After that one lift it was sent back to “ Matterson “ and completely overhauled. New bearings throughout and a brand new rope. This happened every year. The price of failure was too great apparently.
They also made cranes for changing the engines in Royal Navy ships. The long travel drive was a rack and pinion and the cross shops crab drive was a lead screw. All to stabilise the lift. The couldn’t do anything about the ropes.
It was a great place to work but Mrs Thatcher and the asset strippers won out in the end.

Regards Tyrone.
 
I once read on rec.crafts.metalworking about a potential "gantry" design. Weld two pipes into a T. Do it again. These are the legs and feet. Take a 3rd pipe and weld 90 degree slip couplings to each end. Now lay the legs out flat on the ground and slip the top pipe over the vertical legs. Secure the feet and use a car to pull the thing upright, at which point you restrain it from coming over top dead center with ropes or chains. Now turn the legs 90 degrees and wa la it's a cheap gantry. No rolling trolley - just throw a short sling over the top pipe somewhere and hook your chain hoist to that. To take it back down and store it, reverse the procedure.

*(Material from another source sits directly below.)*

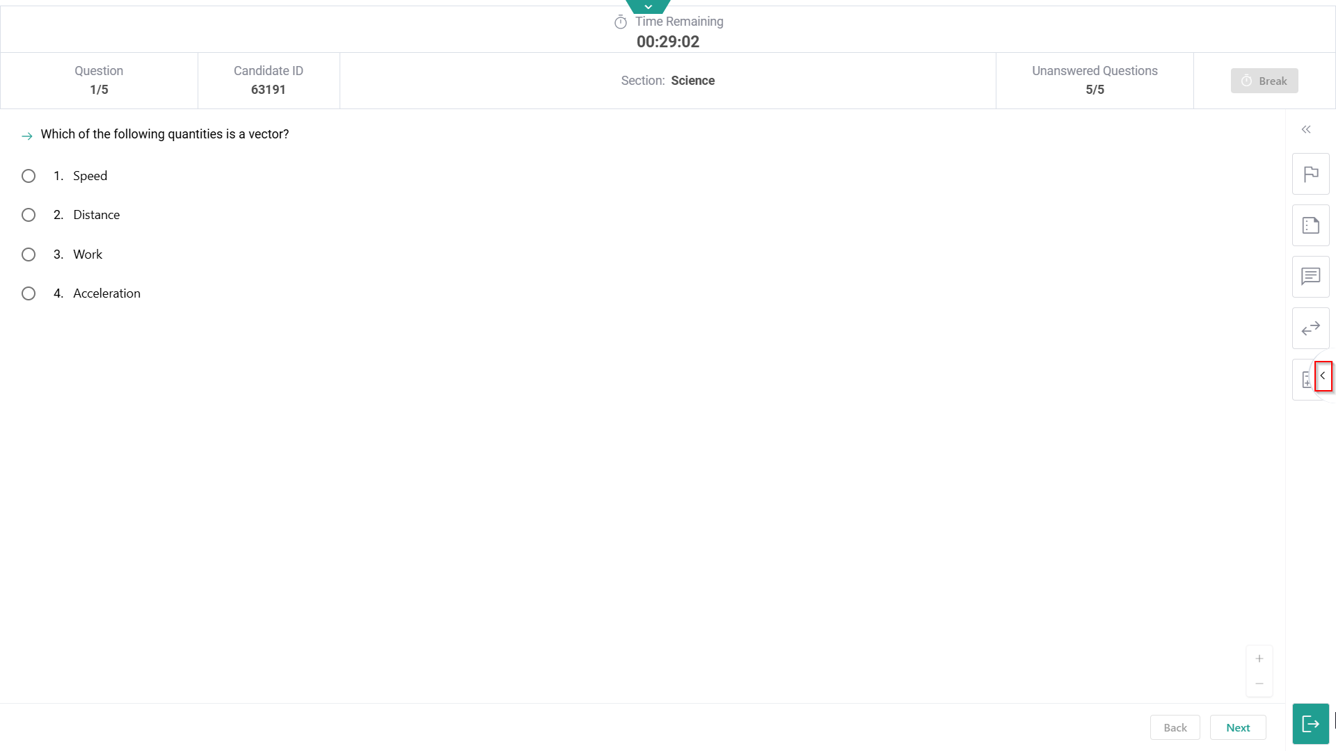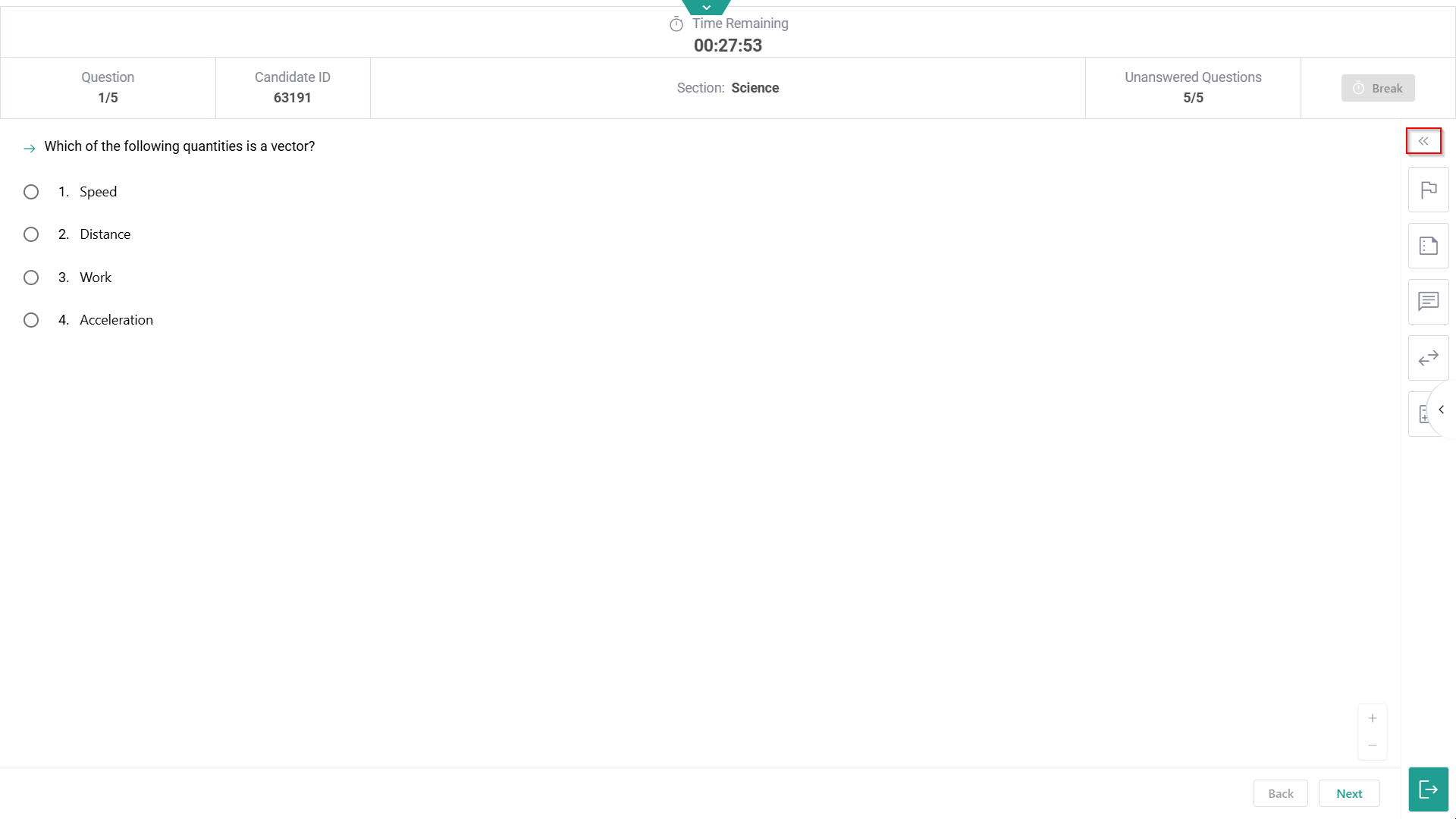 As you click the arrow to open widgets, you can see multiple widgets (may vary as per your test sponsor). The first one given here is a flag; you can use this to flag a question to revisit later.

Pretty redneck, but I bet someone built it. You could lean the parts against the side of a barn and they wouldn't be much in the way.

metalmagpie
 
It’s quite simple. Most of the metal in the tube is not where you need it. Most of the metal in a I beam is exactly where you need it.
The I beam was revolutionary in development of high rise architecture. Pipe hardly goes beyond getting fluids where they belong.
 
Turns out pipe works totally fine, but I was quoted $2.20 per pound for tubing and $1.20 per pounds for I beams.
We normally pay around $0.59 for HRPO plate, but we buy a lot of that. I'm not interested in welding a gantry from plate.
 
In order of cost increasing:
Flat Strip
Angle Iron
Channel
I-Beam
H Beam
Pipe (mostly made from flat strip)
Rectangular/Square tube (rolled from round tube/pipe)
Same for torsion strength in increasing order except Rectangular/Square is less not more.
 
In order of cost increasing:
Flat Strip
Angle Iron
Channel
I-Beam
H Beam
Pipe (mostly made from flat strip)
Rectangular/Square tube (rolled from round tube/pipe)
Same for torsion strength in increasing order except Rectangular/Square is less not more.
That makes sense but the tube rollers must be making bank, selling material for four times the cost of buying it for just rolling and welding it. This wasn't even pressure rated or certified material, and could likely be rolled cold.
 
In order of cost increasing:
Flat Strip
Angle Iron
Channel
I-Beam
H Beam
Pipe (mostly made from flat strip)
Rectangular/Square tube (rolled from round tube/pipe)
Same for torsion strength in increasing order except Rectangular/Square is less not more.
If most square tube is made from steel pipe then I agree, it's going to cost more than steel pipe to get the same torsion stiffness. You get a small benefit in stiffness by weight from squishing a circle into a square but you loose some strength due to force concentration in the middle of the flats.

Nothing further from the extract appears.